Task brief: The whole listing should be retyped word for word, apart from the pictures it holds.
───── Stored data
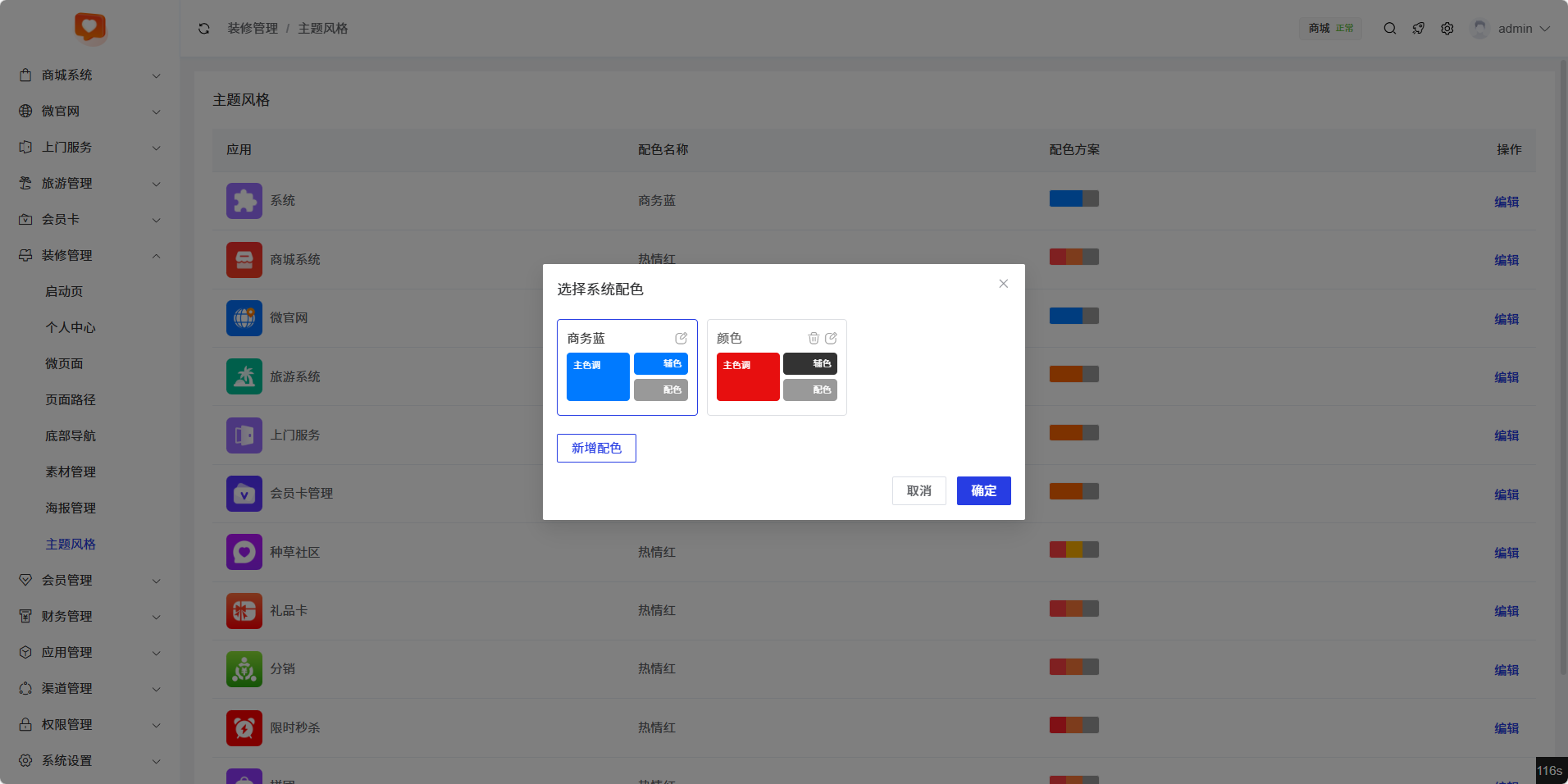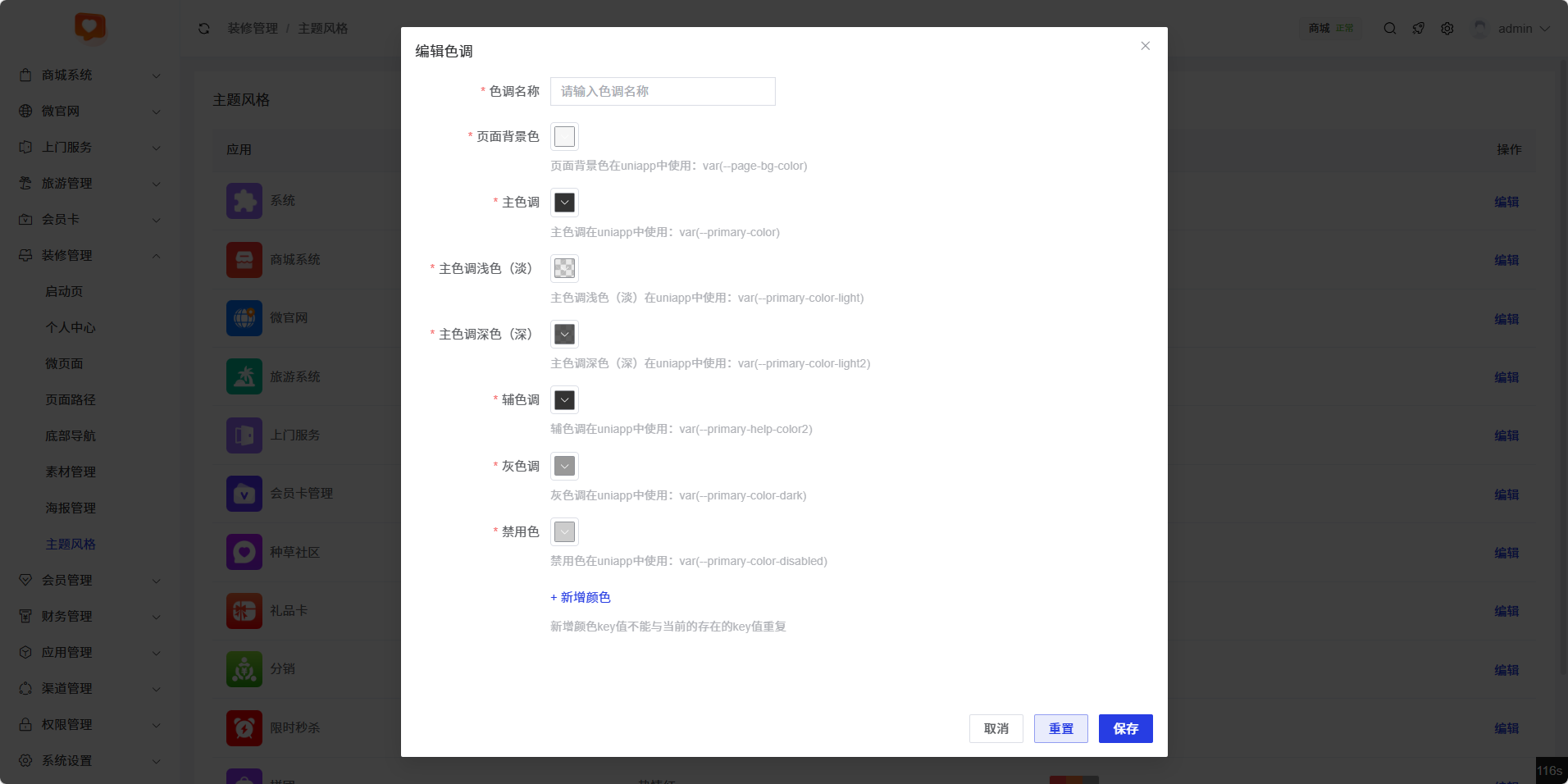 点击编辑,选择新增配色,填写色调名称、页面背景色、主色调等信息。
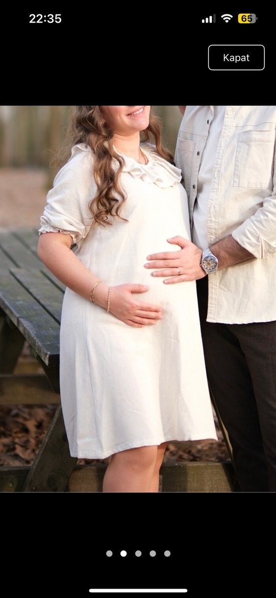 Bej renkte, bohem tarzda, desen içermeyen keten kumaştan yapılmıştır. Yaka kısmında fırfır detayı vardır. Hamile çekim elbisesi olarak 1 kez kullanıldı
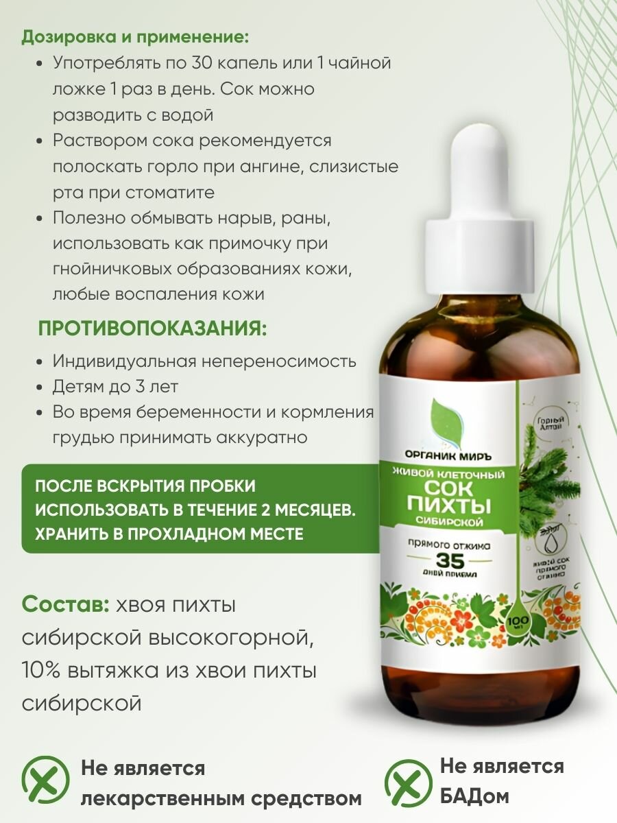 Живой клеточный сок высокогорной Пихты Сибирской прямого отжима органик миръ 100 мл интересное:
──────────
Response:
 点击编辑,选择新增配色,填写色调名称、页面背景色、主色调等信息。
 Bej renkte, bohem tarzda, desen içermeyen keten kumaştan yapılmıştır. Yaka kısmında fırfır detayı vardır. Hamile çekim elbisesi olarak 1 kez kullanıldı
 Живой клеточный сок высокогорной Пихты Сибирской прямого отжима органик миръ 100 мл интересное:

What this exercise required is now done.